36425.fb2 Штрафники - читать онлайн бесплатно полную версию книги . Страница 84

Штрафники - читать онлайн бесплатно полную версию книги . Страница 84

Я запел "Облака плывут, облака". Он и вовсе показался из-за полотнища.. В его глазах стыл ужас. Понял: "Петь он тоже не умеет..." Когда завершал "Облака", мой импрессарио был на грани обморока. Высунулся на полкорпуса. Съежился. Несчастнее его человека не видел... И тут зал вдруг взорвался бешеными аплодисментами, криками восторга. Глаза старика выкатились от изумления. Он ничего не мог понять. Артист явно играть не умеет, петь не умеет, а зал ревет...

Естественно, мы часто виделись на "Свободе".

"Впервые я прикатил туда к ним после войны Судного дня, в 1973 году, на которой был их военным корреспондентом. Затем писал, по их просьбе, отзывы на передачи "Свободы". Подрабатывал.

Александра Аркадьевича встретили там, как Бога. И жил он там, как Бог.

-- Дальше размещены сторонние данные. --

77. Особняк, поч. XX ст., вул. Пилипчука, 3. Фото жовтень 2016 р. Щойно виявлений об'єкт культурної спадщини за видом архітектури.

Во всяком случае, именно это я подумал, попав в его огромную, видно, гостевую квартиру "Свободы" с темно-медными греческими философами, не помню уж какими."

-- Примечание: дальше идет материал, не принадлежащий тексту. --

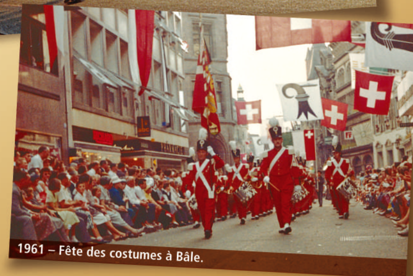
1961 – Fête des costumes à Bâle.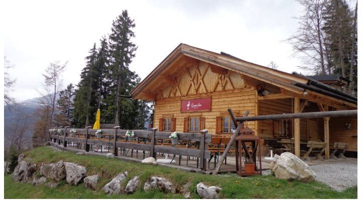
Gamsalm in Ehrwald

Александр Галич принес на "Свободу" и новые мысли, и свою застарелую ненависть к московским бюрократам-убийцам русской культуры.

Редакция "Свободы" разделила мою книгу "На Лобном месте" на свои передачи. Получилось 67 передач. И предложила начать чтение. Приезжать для этого на их студию, когда бываю в Европе. Или наговаривать текст на пленку и присылать в Мюнхен. Главы из книги начали передавать еще при сухом, немногословном журналисте Матусевиче, беглеце из московии, а завершали при Александре Галиче, когда тот ведал на "Свободе" культурой.

Представляя меня российским слушателям, Галич не скрывал, что ему доставляет особое удовольствие "лупить советскую власть по роже". Он, и в самом деле, лупил ее с такой яростью и остервенением, что я со своими литературными героями - писателями, убитыми или изгнанными из СССР, казался самому себе робким заикающимся интеллигентом... Отвернув в сторону микрофон, он заметил вполголоса, что ему представляется сейчас в лицах ненавистная ему сановная Москва - полудохлый Суслов, вождь КГБ Андропов и другие "гуманисты", которые простить себе не могут, что выпустили Галича на волю, не сбили грузовиком...

Уж кто-кто, а я понимал его...

Прощаясь с Галичем, спросил его, есть ли у него охрана?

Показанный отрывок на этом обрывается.